The iShares Expanded Tech-Software Sector ETF seeks to track the investment results of an index composed of North American equities in the software industry and select North American equities from interactive home entertainment and interactive media and services industries.
IGV (iShares Expanded Tech-Software Sector ETF) trades in the Financial Services sector, specifically Asset Management, with a market capitalization of approximately $12.67B, a beta of 0.92 versus the broader market, a 52-week range of 73.93-117.99, average daily share volume of 25.9M, a public-listing history dating back to 2001. These structural characteristics shape how IGV etf options price implied volatility around earnings windows, capital events, and macro-driven sector rotations.
A beta of 0.92 places IGV roughly in line with broader market moves, so the strategy payoff and realized volatility track the index-equivalent baseline.
What is a long put on IGV?
A long put buys downside exposure with a fixed maximum loss equal to the premium paid; profit accrues if the underlying closes below the strike minus premium at expiration.
Current IGV snapshot
As of May 15, 2026, spot at $91.93, ATM IV 36.13%, IV rank 66.27%, expected move 10.36%. The long put on IGV below is built from the same end-of-day chain, with strikes snapped to listed contracts and premiums pulled from the bid/ask midpoint at a 28-day expiry.
Why this long put structure on IGV specifically: IGV IV at 36.13% is mid-range versus its 1-year history, so strategy selection should anchor more to the directional thesis than to the IV regime, with a market-implied 1-standard-deviation move of approximately 10.36% (roughly $9.52 on the underlying).
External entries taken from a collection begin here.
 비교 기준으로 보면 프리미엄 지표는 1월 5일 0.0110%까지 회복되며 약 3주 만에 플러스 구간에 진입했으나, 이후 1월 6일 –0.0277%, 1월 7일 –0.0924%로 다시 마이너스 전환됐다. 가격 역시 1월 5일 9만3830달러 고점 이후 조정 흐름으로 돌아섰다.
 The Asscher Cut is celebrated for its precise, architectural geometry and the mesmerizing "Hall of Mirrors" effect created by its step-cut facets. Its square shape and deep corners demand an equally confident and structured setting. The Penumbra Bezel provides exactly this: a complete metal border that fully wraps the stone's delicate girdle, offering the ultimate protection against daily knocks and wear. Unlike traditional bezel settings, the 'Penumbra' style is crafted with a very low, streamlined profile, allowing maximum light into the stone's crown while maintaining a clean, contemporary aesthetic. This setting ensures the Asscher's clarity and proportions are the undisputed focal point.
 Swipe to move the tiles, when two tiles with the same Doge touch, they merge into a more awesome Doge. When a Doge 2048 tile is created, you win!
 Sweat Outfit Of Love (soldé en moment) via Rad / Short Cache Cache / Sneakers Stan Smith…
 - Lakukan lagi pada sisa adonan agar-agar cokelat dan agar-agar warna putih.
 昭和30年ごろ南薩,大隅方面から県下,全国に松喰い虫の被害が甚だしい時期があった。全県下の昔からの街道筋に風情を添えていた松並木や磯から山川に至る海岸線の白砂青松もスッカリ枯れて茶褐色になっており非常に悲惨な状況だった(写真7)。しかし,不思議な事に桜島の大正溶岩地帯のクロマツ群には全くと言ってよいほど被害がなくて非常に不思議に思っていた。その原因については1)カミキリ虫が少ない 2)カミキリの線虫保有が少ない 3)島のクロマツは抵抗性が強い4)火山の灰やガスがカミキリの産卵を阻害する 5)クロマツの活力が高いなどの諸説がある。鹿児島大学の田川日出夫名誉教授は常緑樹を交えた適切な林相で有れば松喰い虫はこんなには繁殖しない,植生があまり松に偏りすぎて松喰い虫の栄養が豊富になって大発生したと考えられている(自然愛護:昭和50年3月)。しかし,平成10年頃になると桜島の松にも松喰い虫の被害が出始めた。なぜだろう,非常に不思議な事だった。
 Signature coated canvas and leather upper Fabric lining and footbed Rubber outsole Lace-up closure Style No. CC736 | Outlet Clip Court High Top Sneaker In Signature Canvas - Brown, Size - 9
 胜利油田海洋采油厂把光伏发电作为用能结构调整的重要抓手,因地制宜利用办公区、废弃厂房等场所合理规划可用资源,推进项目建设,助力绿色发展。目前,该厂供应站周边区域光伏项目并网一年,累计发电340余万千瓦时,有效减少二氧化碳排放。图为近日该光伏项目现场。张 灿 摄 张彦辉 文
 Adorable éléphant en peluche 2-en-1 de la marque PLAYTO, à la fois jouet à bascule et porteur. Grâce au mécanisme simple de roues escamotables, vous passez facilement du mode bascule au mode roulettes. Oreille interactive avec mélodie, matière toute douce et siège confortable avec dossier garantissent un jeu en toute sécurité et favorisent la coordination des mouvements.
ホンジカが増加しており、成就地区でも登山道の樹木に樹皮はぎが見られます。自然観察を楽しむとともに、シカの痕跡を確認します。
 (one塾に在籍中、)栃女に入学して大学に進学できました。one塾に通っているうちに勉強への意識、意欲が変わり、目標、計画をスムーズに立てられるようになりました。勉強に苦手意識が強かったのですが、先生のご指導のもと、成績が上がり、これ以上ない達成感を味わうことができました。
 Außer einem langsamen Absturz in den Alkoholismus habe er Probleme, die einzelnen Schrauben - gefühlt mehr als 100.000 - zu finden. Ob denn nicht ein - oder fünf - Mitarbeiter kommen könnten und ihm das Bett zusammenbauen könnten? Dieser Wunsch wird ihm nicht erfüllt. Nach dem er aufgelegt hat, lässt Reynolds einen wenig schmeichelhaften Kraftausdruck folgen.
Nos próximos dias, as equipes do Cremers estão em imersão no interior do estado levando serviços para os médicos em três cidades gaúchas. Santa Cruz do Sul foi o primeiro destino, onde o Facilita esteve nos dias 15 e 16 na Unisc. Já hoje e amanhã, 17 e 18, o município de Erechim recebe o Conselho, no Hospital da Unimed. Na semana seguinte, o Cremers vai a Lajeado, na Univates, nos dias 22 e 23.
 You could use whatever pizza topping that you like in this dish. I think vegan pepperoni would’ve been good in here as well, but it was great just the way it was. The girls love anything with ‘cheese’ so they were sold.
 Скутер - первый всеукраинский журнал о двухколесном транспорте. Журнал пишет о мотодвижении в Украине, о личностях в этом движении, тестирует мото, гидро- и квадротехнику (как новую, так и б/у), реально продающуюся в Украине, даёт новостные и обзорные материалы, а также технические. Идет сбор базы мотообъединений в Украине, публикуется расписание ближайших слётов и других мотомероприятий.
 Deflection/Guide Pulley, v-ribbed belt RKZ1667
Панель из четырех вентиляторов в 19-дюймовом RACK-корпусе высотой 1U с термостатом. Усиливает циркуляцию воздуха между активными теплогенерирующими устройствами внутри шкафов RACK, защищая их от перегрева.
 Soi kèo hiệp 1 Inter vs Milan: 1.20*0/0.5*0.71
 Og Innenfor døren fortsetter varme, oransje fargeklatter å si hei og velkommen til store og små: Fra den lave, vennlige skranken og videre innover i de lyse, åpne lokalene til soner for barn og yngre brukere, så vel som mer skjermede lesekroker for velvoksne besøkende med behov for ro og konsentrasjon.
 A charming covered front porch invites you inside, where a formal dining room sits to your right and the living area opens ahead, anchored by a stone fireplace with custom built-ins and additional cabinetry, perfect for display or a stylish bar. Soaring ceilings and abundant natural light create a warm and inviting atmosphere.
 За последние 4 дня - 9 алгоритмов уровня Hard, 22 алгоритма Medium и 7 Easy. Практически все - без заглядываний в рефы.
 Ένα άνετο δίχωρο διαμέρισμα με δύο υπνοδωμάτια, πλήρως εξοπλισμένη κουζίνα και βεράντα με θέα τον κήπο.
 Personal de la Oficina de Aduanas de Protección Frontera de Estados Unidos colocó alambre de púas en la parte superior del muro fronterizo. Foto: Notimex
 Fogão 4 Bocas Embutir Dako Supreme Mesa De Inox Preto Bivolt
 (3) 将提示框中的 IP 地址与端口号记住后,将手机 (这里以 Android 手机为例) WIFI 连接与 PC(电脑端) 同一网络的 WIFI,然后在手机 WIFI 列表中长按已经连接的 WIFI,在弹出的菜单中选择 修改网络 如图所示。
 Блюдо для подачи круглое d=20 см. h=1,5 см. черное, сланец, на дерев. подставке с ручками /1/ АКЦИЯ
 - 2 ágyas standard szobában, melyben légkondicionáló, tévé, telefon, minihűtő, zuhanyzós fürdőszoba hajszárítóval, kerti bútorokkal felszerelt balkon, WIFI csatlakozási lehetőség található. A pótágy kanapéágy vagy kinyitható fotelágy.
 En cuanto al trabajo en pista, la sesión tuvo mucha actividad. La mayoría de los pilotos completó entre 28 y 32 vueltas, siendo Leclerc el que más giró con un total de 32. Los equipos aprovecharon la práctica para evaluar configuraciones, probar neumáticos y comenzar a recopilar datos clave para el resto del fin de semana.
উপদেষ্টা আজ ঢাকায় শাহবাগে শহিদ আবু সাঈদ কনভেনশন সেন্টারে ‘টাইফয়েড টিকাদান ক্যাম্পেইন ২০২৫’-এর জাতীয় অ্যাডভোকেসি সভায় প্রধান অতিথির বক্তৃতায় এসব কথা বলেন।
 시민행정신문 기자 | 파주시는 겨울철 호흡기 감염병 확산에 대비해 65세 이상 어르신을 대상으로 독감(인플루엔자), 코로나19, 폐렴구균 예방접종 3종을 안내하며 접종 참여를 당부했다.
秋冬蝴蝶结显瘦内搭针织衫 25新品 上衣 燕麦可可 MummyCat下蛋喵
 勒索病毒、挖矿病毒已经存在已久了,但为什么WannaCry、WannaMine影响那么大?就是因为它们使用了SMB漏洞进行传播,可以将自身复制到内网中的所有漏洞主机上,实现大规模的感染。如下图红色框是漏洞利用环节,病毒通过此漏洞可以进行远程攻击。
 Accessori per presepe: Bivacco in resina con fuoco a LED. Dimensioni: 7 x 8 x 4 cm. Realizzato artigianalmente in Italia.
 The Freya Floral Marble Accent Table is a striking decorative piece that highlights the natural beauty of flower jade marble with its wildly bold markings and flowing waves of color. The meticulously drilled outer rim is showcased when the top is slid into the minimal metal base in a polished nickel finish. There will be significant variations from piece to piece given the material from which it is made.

The 28-day window matched to the front-month expiry keeps theta exposure bounded while still capturing the post-snapshot move; longer-dated IGV expiries trade a higher absolute premium for lower per-day decay. Position sizing on IGV should anchor to the underlying notional of $91.93 per share and to the trader's directional view on IGV etf.
IGV long put setup
The IGV long put below is built from the end-of-day chain, with each option leg priced at the bid/ask midpoint of its listed strike. With IGV near $91.93, the first option leg uses a $92.00 strike; additional legs (when the strategy has them) anchor to spot-relative offsets. Premiums come from the bid/ask midpoint on the listed IGV chain at a 28-day expiry; the cross-strike IV skew is reflected directly in the per-leg values rather than approximated. Quantity sizing assumes one contract per option leg (or 100 IGV shares for the stock leg in covered calls and collars).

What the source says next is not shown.